:: Brief ::
An exact restatement of the entire listing is needed, excluding all images.

The data below:

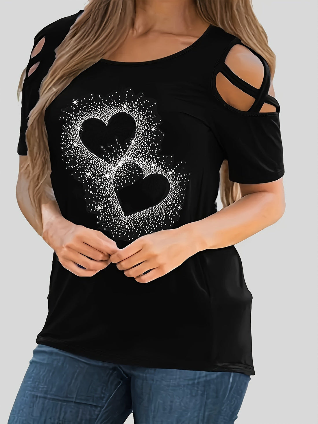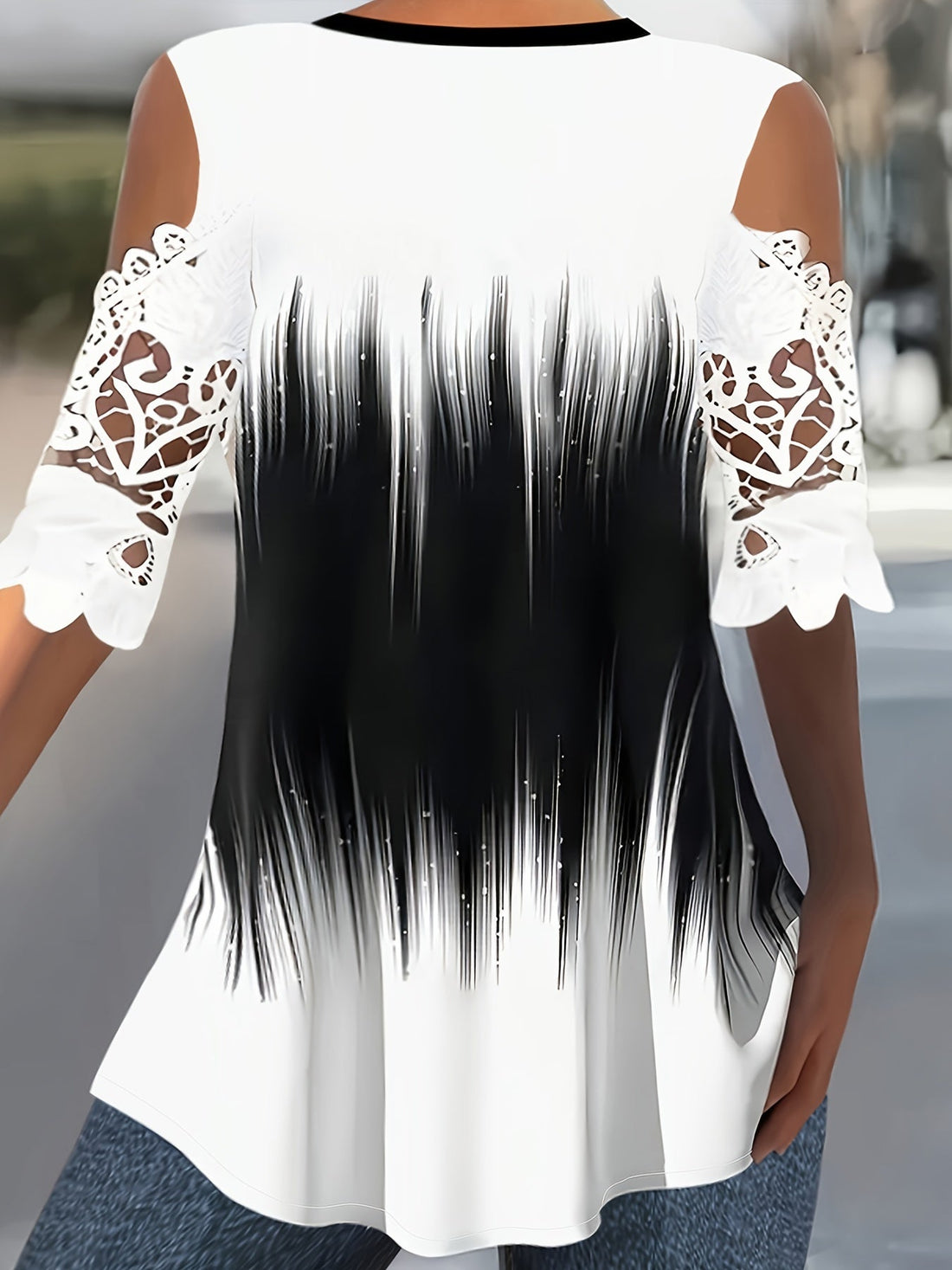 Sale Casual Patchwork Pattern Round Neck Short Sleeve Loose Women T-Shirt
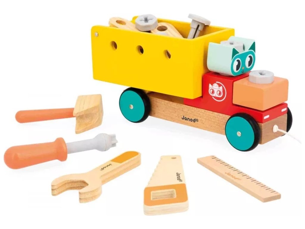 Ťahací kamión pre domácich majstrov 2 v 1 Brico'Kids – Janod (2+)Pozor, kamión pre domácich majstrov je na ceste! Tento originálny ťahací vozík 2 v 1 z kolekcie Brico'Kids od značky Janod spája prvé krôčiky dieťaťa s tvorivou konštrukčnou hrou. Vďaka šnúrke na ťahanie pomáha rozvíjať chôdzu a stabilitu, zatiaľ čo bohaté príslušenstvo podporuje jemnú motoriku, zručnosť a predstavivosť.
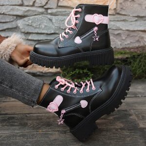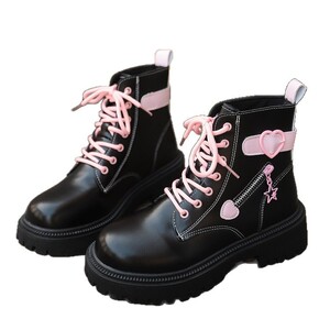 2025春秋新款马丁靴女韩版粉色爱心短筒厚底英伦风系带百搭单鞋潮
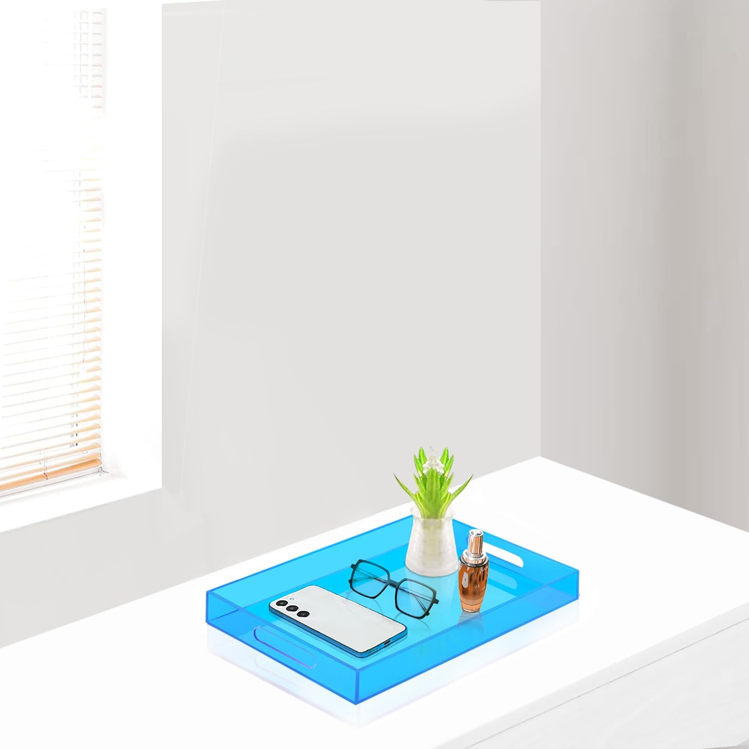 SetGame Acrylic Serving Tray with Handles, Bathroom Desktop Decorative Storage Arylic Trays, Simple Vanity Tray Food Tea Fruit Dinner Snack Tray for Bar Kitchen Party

End of The data.

:: The answer ::
 Sale Casual Patchwork Pattern Round Neck Short Sleeve Loose Women T-Shirt
 Ťahací kamión pre domácich majstrov 2 v 1 Brico'Kids – Janod (2+)Pozor, kamión pre domácich majstrov je na ceste! Tento originálny ťahací vozík 2 v 1 z kolekcie Brico'Kids od značky Janod spája prvé krôčiky dieťaťa s tvorivou konštrukčnou hrou. Vďaka šnúrke na ťahanie pomáha rozvíjať chôdzu a stabilitu, zatiaľ čo bohaté príslušenstvo podporuje jemnú motoriku, zručnosť a predstavivosť.
 2025春秋新款马丁靴女韩版粉色爱心短筒厚底英伦风系带百搭单鞋潮
 SetGame Acrylic Serving Tray with Handles, Bathroom Desktop Decorative Storage Arylic Trays, Simple Vanity Tray Food Tea Fruit Dinner Snack Tray for Bar Kitchen Party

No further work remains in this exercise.